Если внутренний полиграф давал сбои, то камера, по крайней мере, работала отлично. Автоматическая фокусировка позволяла получать совершенно четкую «картинку». Не думай. Смотри. Лица представали перед ним то неясными силуэтами, то под неподходящим углом, но хитроумная электроника практически мгновенно компенсировала недостатки освещения. Эмблер разглядывал каждое, прислушиваясь к себе, ожидая ощутить то знакомое пощипывание, которое даст сигнал остановиться, вернуться, приглядеться еще раз.

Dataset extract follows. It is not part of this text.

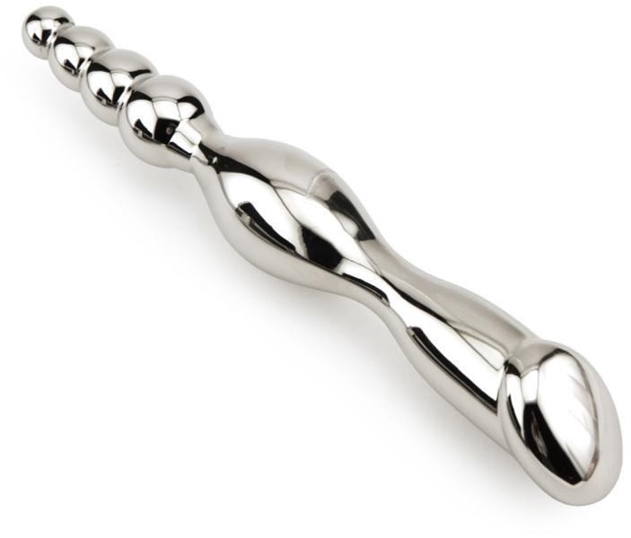 Golyós acél dupla dildó. Rendkívül igényes kidolgozású, rozsda és nikkelmentes acél dupla dildó. Anál és/vagy vaginális izgatására kifejezetten kifejlesztve. Nagyobbik végén átmérő:3,8-4,2cm Kisebbik végén átmérő::1,5-3cm A termék teljes hossza 23cm

– Все получится, дорогой, – тихо произнесла у него за спиной Лорел.

Ее теплое дыхание касалось его шеи, и, наверно, только оно рассеивало поднимающиеся миазмы черного отчаяния. В мире лжи и фальши только Лорел была настоящей, его путеводной звездой.

Веря в нее, он все сильнее сомневался в себе. Просматривая ряд за рядом, Эмблер все больше укреплялся в мысли, что интуиция в конце концов отказала. Может быть, киллера здесь нет, и он ворвется в зал в последний момент? Или убийца спрятался так, что его лицо еще не попало в объектив?

Между тем по залу как будто прошел шелест. Боковые двери закрылись. Эмблер знал, что откроют их только после окончания выступления.

Основатель и директор Всемирного экономического форума, высокий лысоватый мужчина в очках, вышел на сцену, чтобы представить долгожданного оратора. На нем был синий костюм и голубой с белым – цвета представляемой им организации – галстук.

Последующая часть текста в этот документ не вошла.